WHAT YOU WILL DO –
Your task is to return the listing below word for word, without any of its images.

DATASET EXTRACT –
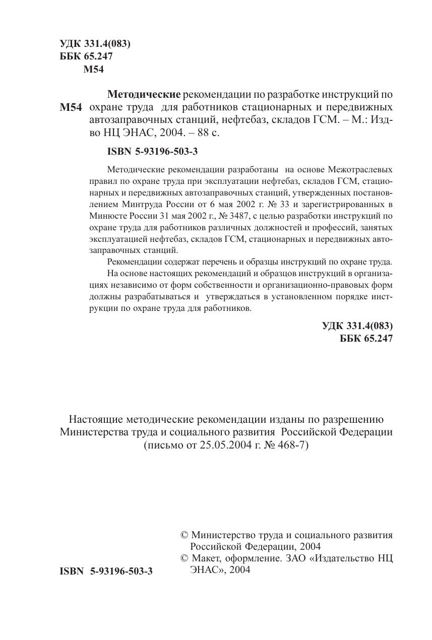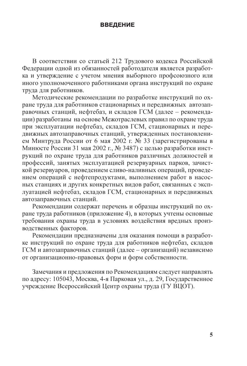 Методические рекомендации разработаны на основе Межотраслевых правил по охране труда при эксплуатации нефтебаз, складов ГСМ, стационарных и передвижных автозаправочных станций, утвержденных постановлением Минтруда России от 6 мая 2002 г. № 33 и зарегистрированных в Минюсте России 31 мая 2002 г., № 3487, с целью разработки инструкций по охране труда для работников различных должностей и профессий, занятых эксплуатацией нефтебаз, складов ГСМ, стационарных и передвижных автозаправочных станций. Рекомендации содержат перечень и образцы инструкций по охране труда.
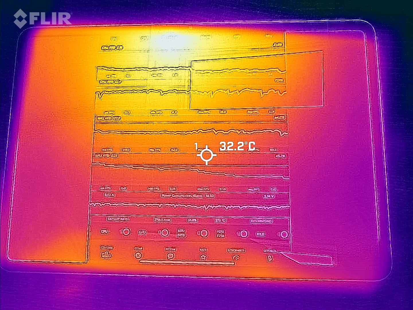 Le temperature di superficie dell'alloggiamento del tablet sono molto eterogenee nel nostro scenario di carico, ma sono anche a un livello non critico nell'area hot spot.
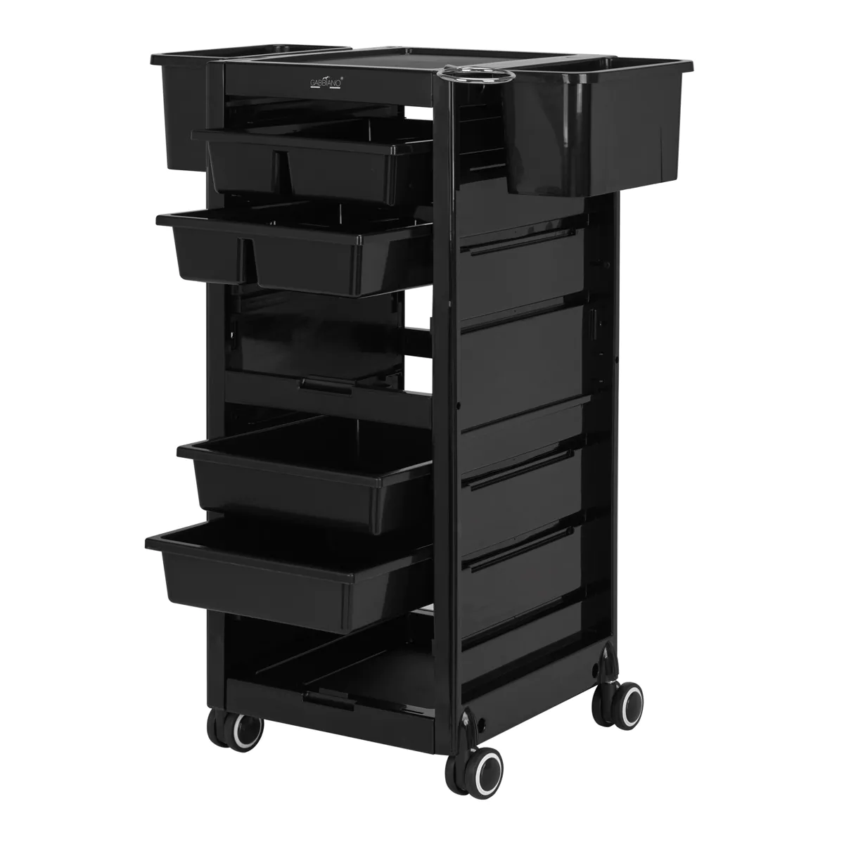 Pojemny organizer wyposażony jest w zestaw kuwet, które pomogą zadbać o porządek w miejscu pracy, posegregować odpowiednio niezbędne w pracy fryzjera przybory. W zestawie znajduje się sześć pojemników: dwa bez przegródek, dwa z przegródkami oraz dwa wąskie i głębsze. Ich układ w organizerze można dowolnie zmieniać, dopasowując go do własnych potrzeb, a znaczny wybór różnych typów szuflad pozwala na posegregowanie przyborów według uznania. Dodatkowo dwie najgłębsze kuwety można umieszczać na różnych wysokościach po bokach pomocnika, dzięki czemu ułożone w nich przybory zawsze znajdą się na odpowiednim poziomie. W tym modelu szuflady wysuwają się w obie strony, co jest znaczącym usprawnieniem i ułatwia dostęp do produktów oraz narzędzi w dowolnym momencie.

RESPONSE BOX –
 Методические рекомендации разработаны на основе Межотраслевых правил по охране труда при эксплуатации нефтебаз, складов ГСМ, стационарных и передвижных автозаправочных станций, утвержденных постановлением Минтруда России от 6 мая 2002 г. № 33 и зарегистрированных в Минюсте России 31 мая 2002 г., № 3487, с целью разработки инструкций по охране труда для работников различных должностей и профессий, занятых эксплуатацией нефтебаз, складов ГСМ, стационарных и передвижных автозаправочных станций. Рекомендации содержат перечень и образцы инструкций по охране труда.
 Le temperature di superficie dell'alloggiamento del tablet sono molto eterogenee nel nostro scenario di carico, ma sono anche a un livello non critico nell'area hot spot.
 Pojemny organizer wyposażony jest w zestaw kuwet, które pomogą zadbać o porządek w miejscu pracy, posegregować odpowiednio niezbędne w pracy fryzjera przybory. W zestawie znajduje się sześć pojemników: dwa bez przegródek, dwa z przegródkami oraz dwa wąskie i głębsze. Ich układ w organizerze można dowolnie zmieniać, dopasowując go do własnych potrzeb, a znaczny wybór różnych typów szuflad pozwala na posegregowanie przyborów według uznania. Dodatkowo dwie najgłębsze kuwety można umieszczać na różnych wysokościach po bokach pomocnika, dzięki czemu ułożone w nich przybory zawsze znajdą się na odpowiednim poziomie. W tym modelu szuflady wysuwają się w obie strony, co jest znaczącym usprawnieniem i ułatwia dostęp do produktów oraz narzędzi w dowolnym momencie.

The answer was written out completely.